After my autonomous vehicle self-parked at a lot adjacent to the ballpark at a cost of $250, I unloaded the bot, uploaded its software, and my fiancée navigated it remotely (with some assistance from yours truly) through the human and vehicular traffic to find our seats behind home-plate. Actually, it was pretty easy. At New Fenway, they have a designated entrance for humans accompanied by bots. Once we were seated, I ordered a beer and a couple of NFF’s (New Fenway Franks). The total came to $125. It’s expensive but worth every penny. For the first six innings, it was a pitcher’s duel with a fast-baller on the mound for each team. The Yankee’s pitcher could throw in excess of 140 miles per hour. Today, biologically engineered pitching arms are legal in the MLB (enhanced pitchers are known as TJ’s – short for some 20th century pitcher named Tommy John). Since 2021, catchers have been using advanced navigation systems to pinpoint the accuracy of each incoming pitch.

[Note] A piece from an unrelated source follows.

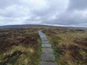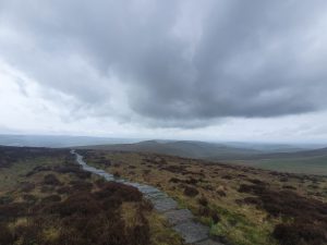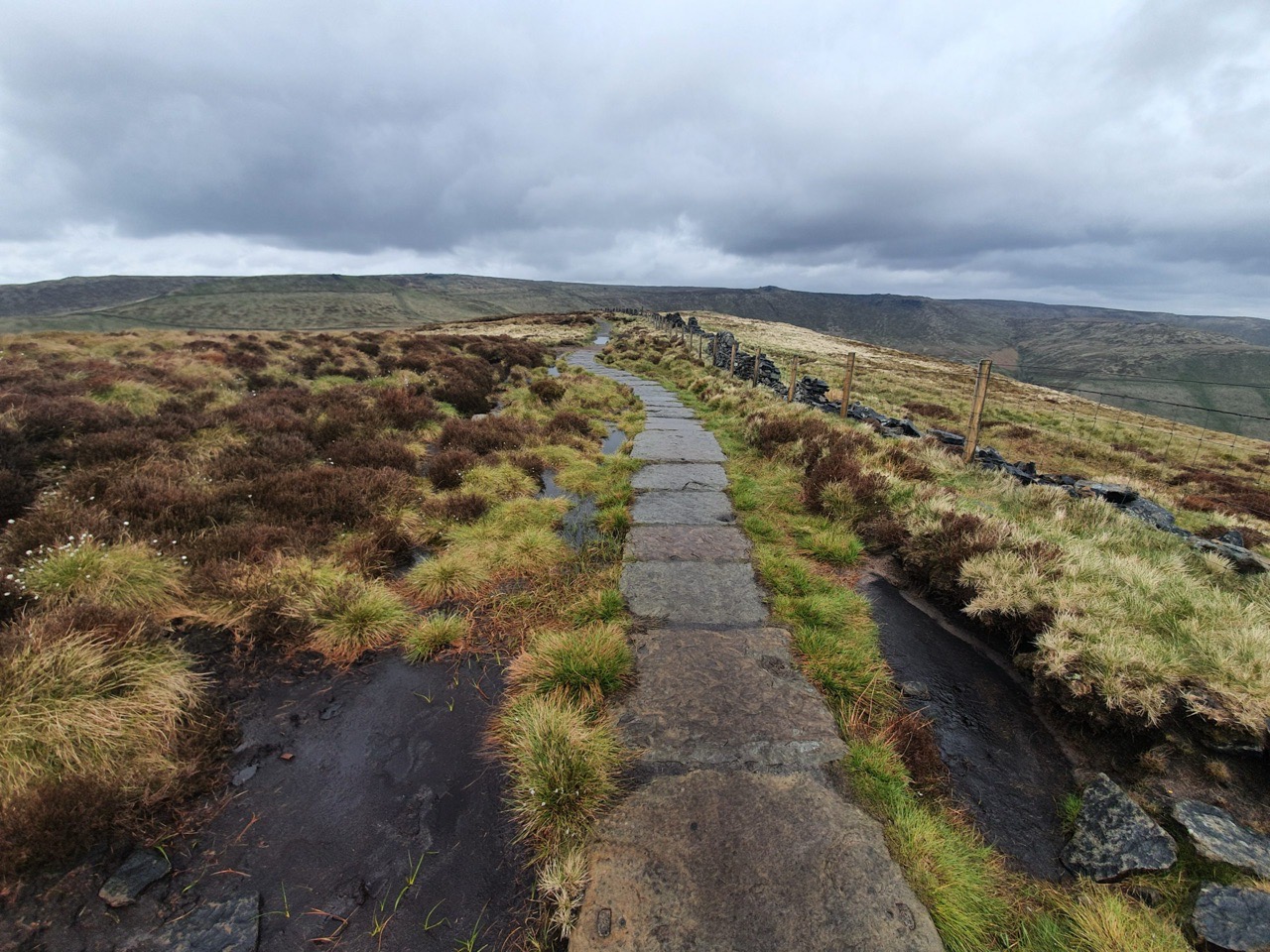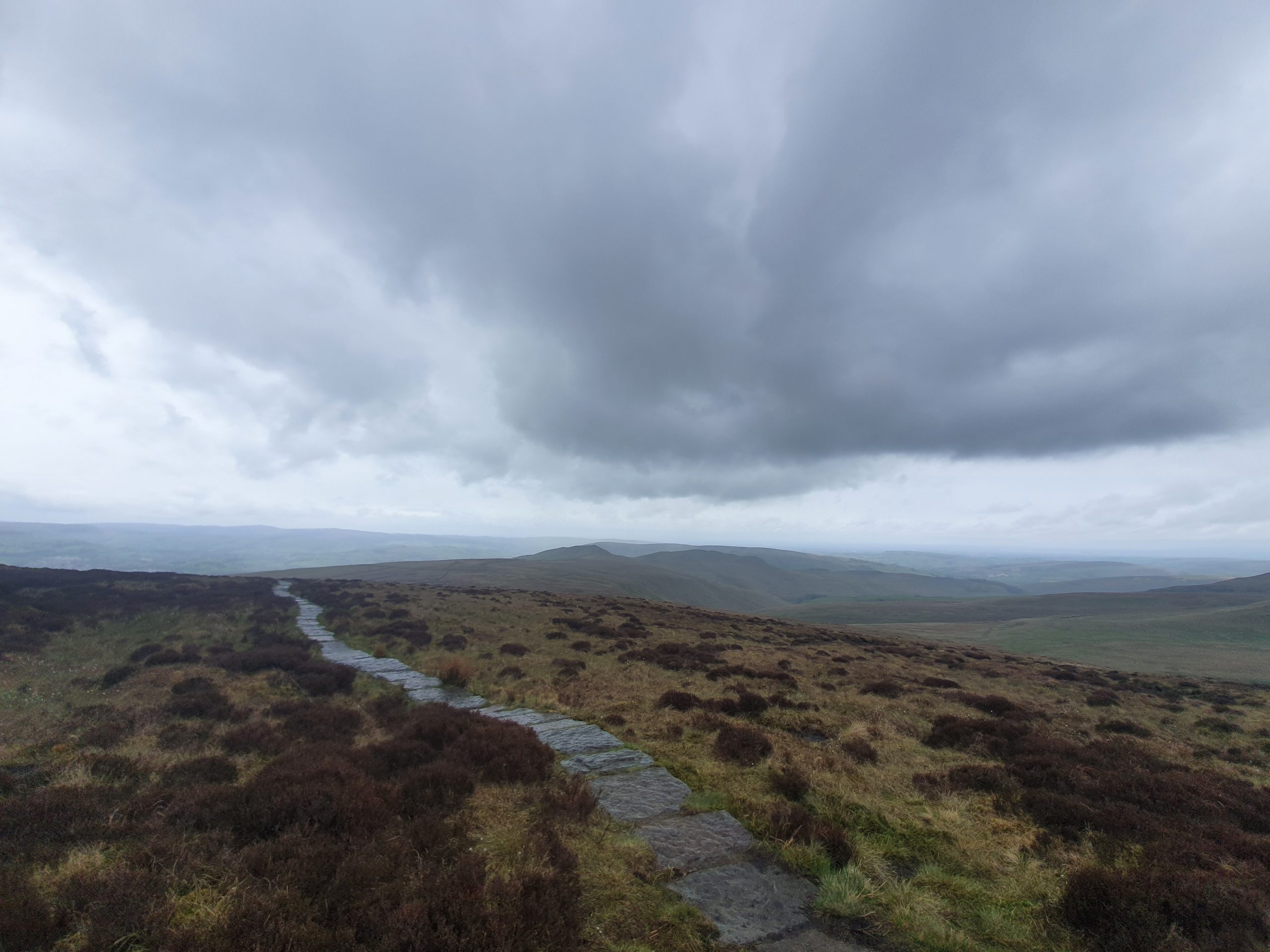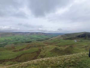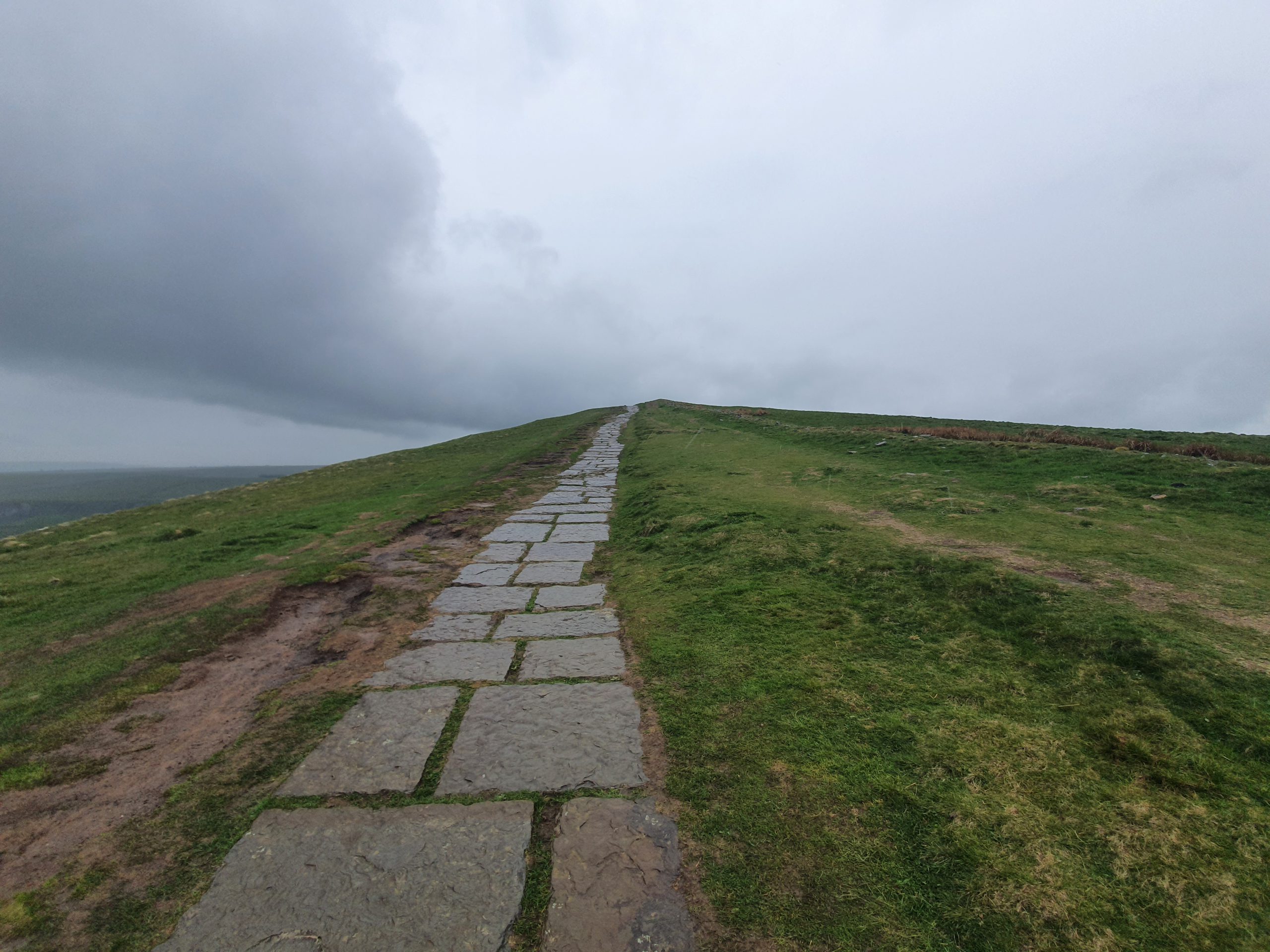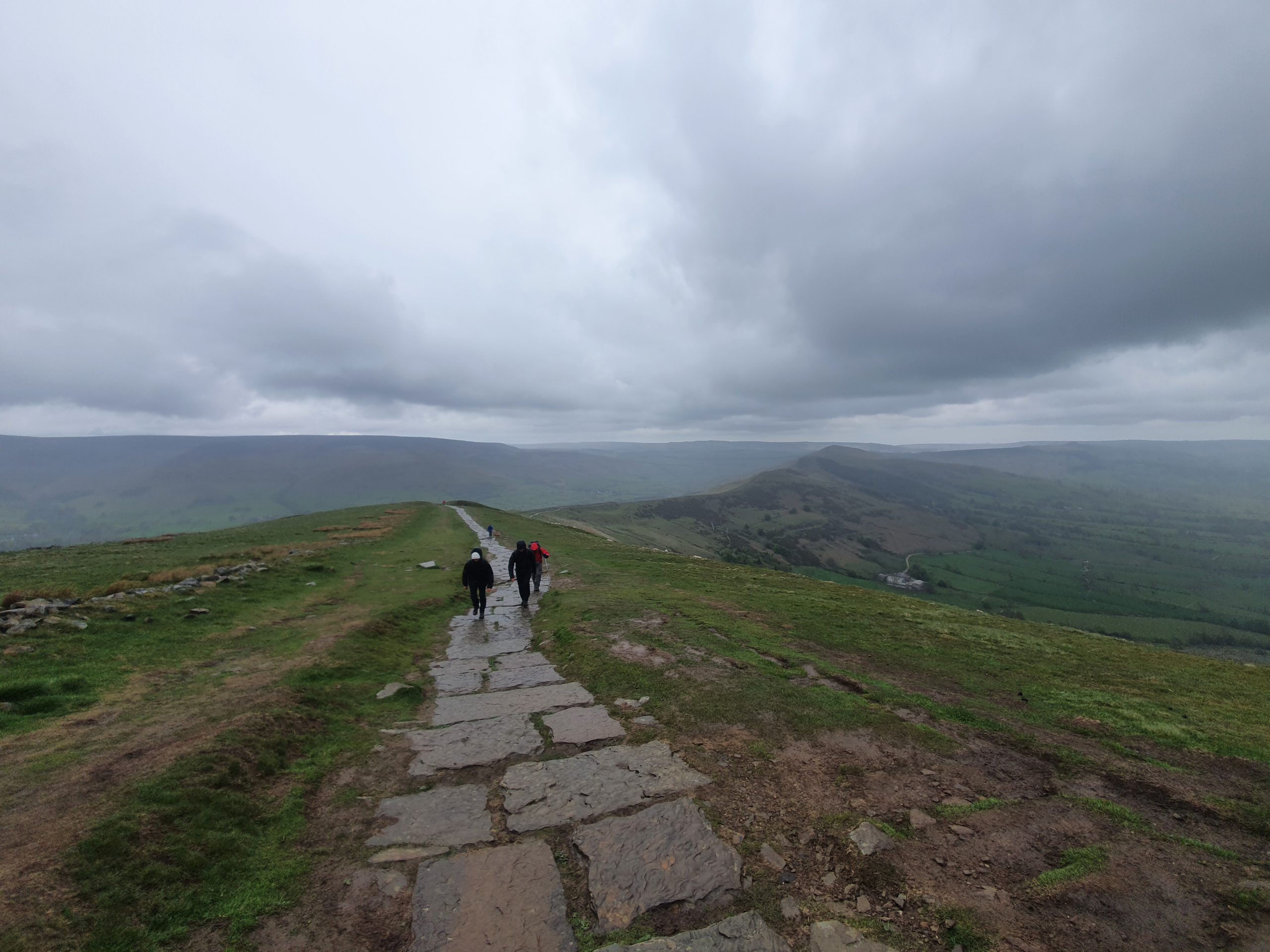 We reached the summit of the mountain (technically a hill) that we were climbing and I was delighted to see that they’d paved the section to Mam Tor. I approved of this. The rain picked up quite heavily at this point, a situation that wasn’t entirely ideal.

In the bottom of 7th inning, the Red Sox broke the game wide-open. The fans remained on their feet for the entire Red Sox 16-run rally. We were seated in front of two die-hard Yankee fans who, by that time, had a few beers too many. When my bot stood up to capture video for my fiancée at home, the bot and I were assailed by vulgarities from the Yankee fans seated behind us. Although my bot was not offended, when I turned around to say something to guys behind us, one of them grabbed my bot by the monitor and shook it angrily. Looking at my fiancée’s face on the monitor I could see that she was terrified even though she was lying comfortably on the couch at home. The spectators around me called NFP Security and they ejected the two hooligans immediately. I will probably have to go to court next month as these two Yankee fans will likely be charged with the crime known today as botulism, or as defined by statute – vandalism associated with a robot.
It’s good to know that the Red Sox-Yankees rivalry is still alive and well in the mid-21st century.